Phénotypes Comportementaux Et Autres Dans Une Lumière Dynéine Cytoplasmique Intermédiaire Chaîne 1 De Souris Mutantes
Le complexe dynéine cytoplasmique est fondamentalement important pour toutes les cellules eucaryotes pour le transport de diverses cargaisons essentielles le long des microtubules dans la cellule. Ce complexe joue également des rôles plus spécialisés dans les neurones. Le complexe se compose de 11 types de protéines qui interagissent les uns avec les autres et avec des adaptateurs externes, des régulateurs et des cargaisons. Malgré l'importance du complexe dynéine cytoplasmique, nous savons relativement peu des rôles de chaque protéine composant, et chez les mammifères mutants existent qui nous permettent d'explorer les effets des défauts dans la dynéine processus contrôlés dans le contexte de l'organisme entier. Ici, nous avons adopté une approche axée sur le génotype de la souris (Mus musculus) à analyser le rôle d'un sous-unité, la dynéine lumière intermédiaire de la chaîne 1 (Dync1li1). Nous constatons que, de façon surprenante, une mutation ponctuelle dans cette N235Y résultats de protéines dans le développement neuronal modifié, comme indiqué par des études in vivo dans le cortex en développement, et les analyses de la fonction électrophysiologique. En outre, les souris mutantes afficher augmentation de l'anxiété, reliant ainsi les fonctions de dynéine à un phénotype comportemental chez les mammifères pour la première fois. Ces résultats démontrent le rôle important que la dynéine processus contrôlés par jouer dans le développement correct et la fonction du système nerveux des mammifères.

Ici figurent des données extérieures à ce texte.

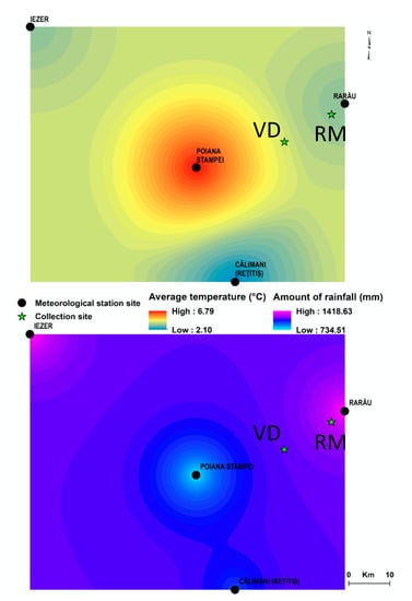 Map of average annual temperatures and average annual cumulative precipitation level for 2020 (sample collection year), for the two collection sites, based on the interpolation of data from 4 weather stations in the region (Poiana Stampei, Rarău, Călimani-Rețitiș, Iezer). The collection sites are labelled on the climatic maps as VD, for the Vatra Dornei sample, and RM, for the Rarău Mountains sample. Data source: meteomanz.com (accessed on 7 April 2022) [29].

Facteurs De Transcription Axonales Signal Rétrograde Dans Des Nerfs Périphériques Lésés
Rétrograde de signalisation des lésions axonales stimule les réponses du corps cellulaire dans lésés neurones périphériques. L'implication des importines dans le transport rétrograde suggère que des facteurs de transcription (FT) pourrait être directement impliquée dans la signalisation des lésions axonales. Ici, nous montrons que plusieurs facteurs de transcription se trouvent dans les axones et de s'associer avec la dynéine dans axoplasme du nerf lésé. La validation biochimique et fonctionnel pour une famille TF établit que STAT3 axonale est localement traduit et activé lors d'une lésion, et est transporté par voie rétrograde avec la dynéine et importine α5 de moduler la survie des neurones sensoriels périphériques après la blessure. Par conséquent, le transport rétrograde de FO à partir de sites de lésion axonale fournit un lien direct entre l'axone et le noyau.